Когда мелькнул последний дом Калужской заставы — щегольской розовый фасад с итальянским окном за молодой зеленью, — Лермонтов, оглянувшись на него, подумал, что вот и Москва позади. И Петербург тоже.
«Петербург, снега, подлецы, департамент — всё это мне снилось», — вспомнились Лермонтову слова, несколько раз повторенные князем Петром Андреичем Вяземским за столом на именинах у Гоголя. Потом оказалось, что слова эти произнёс когда-то сам Гоголь, и князь повторил их, чтобы сделать имениннику приятное.
«Да, снилось, снилось — и снега, и подлецы, и департаменты, и французское посольство, и Третье отделение, — качая головой, шептал Лермонтов и тут же спохватывался: — Но и бабушка, и друзья, и полк, и ещё многое, многое, что стало дорого в Петербурге, неужели всё это тоже только снилось?..»
Лермонтов чувствовал, что кончилась целая полоса жизни, которая никогда уж больше не повторится, и ему было больно и грустно. Но в этой боли и грусти было что-то сладостное.
Неприятные же ощущения, тоже сами по себе сложные, которые одновременно жили в нём теперь, касались его отношений с Машет. Когда он в начале мая приехал из Петербурга, Машет встретила его светлыми слезами радости. Потом она тоже много раз плакала, но уже от ревности, изводя и Лермонтова и себя. Например, перечитав «Тамань» (уже в книге), она, тревожно и пытливо глядя Лермонтову в глаза, заставляла его клясться, что между ним, то бишь Печориным, и молодой контрабандисткой не было ничего, кроме неудавшейся лодочной прогулки.
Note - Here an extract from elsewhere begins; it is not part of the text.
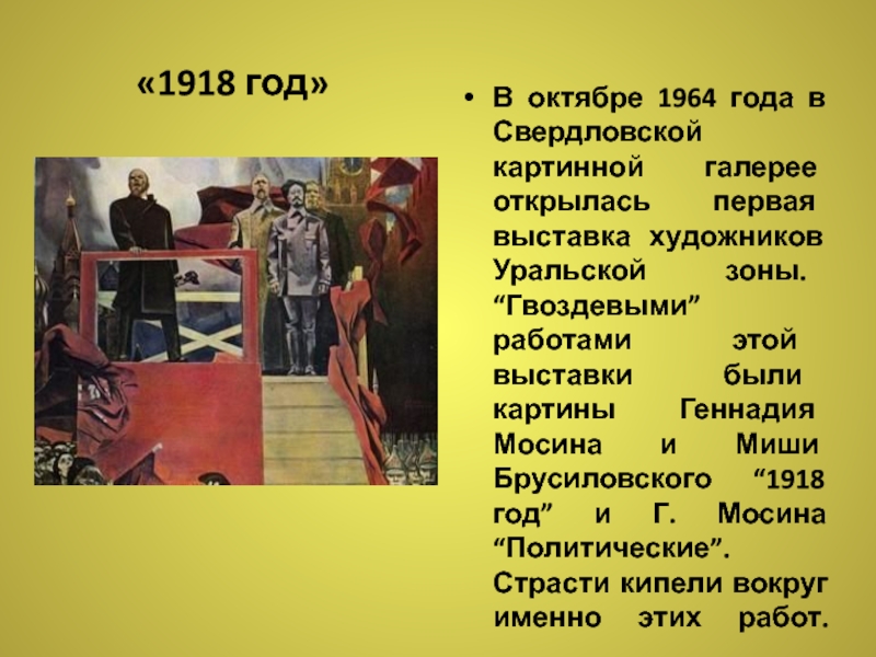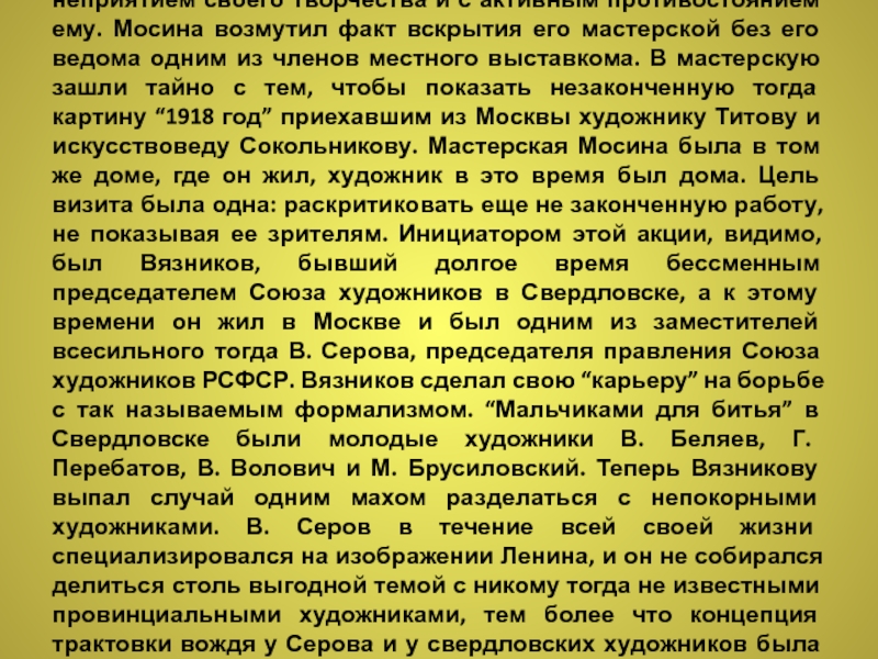 и с активным противостоянием ему. Мосина возмутил факт вскрытия его мастерской без его ведома одним из членов местного выставкома. В мастерскую зашли тайно с тем, чтобы показать незаконченную тогда картину “1918 год” приехавшим из Москвы художнику Титову и искусствоведу Сокольникову. Мастерская Мосина была в том же доме, где он жил, художник в это время был дома. Цель визита была одна: раскритиковать еще не законченную работу, не показывая ее зрителям. Инициатором этой акции, видимо, был Вязников, бывший долгое время бессменным председателем Союза художников в Свердловске, а к этому времени он жил в Москве и был одним из заместителей всесильного тогда В. Серова, председателя правления Союза художников РСФСР. Вязников сделал свою “карьеру” на борьбе с так называемым формализмом. “Мальчиками для битья” в Свердловске были молодые художники В. Беляев, Г. Перебатов, В. Волович и М. Брусиловский. Теперь Вязникову выпал случай одним махом разделаться с непокорными художниками. В. Серов в течение всей своей жизни специализировался на изображении Ленина, и он не собирался делиться столь выгодной темой с никому тогда не известными провинциальными художниками, тем более что концепция трактовки вождя у Серова и у свердловских художников была диаметрально противоположной.

Лермонтов, разумеется, возражал, что Печорин — вымысел, не имеющий к нему как личности никакого отношения, и клясться отказывался. «А Лопухина с родинкой на щеке — тоже вымысел? — сквозь слёзы выкрикивала Машет и, судорожно сминая страницы, невнятно от рыданий, читала: — «...среднего роста, блондинка с правильными чертами, цвет лица чахоточный, а на правой щеке чёрная родинка...» Ну, как? — вскидывала она злые глаза на Лермонтова и продолжала: — «Я её не видел ещё, но уверен, узнаю в вашем портрете одну женщину, которую любил в старину...» Ну как? Как? — горестно твердила Машет и с презрением и сарказмом добавляла: — Хоть бы не раскрывался уж так-то на всю Россию! Людей бы постеснялся!..»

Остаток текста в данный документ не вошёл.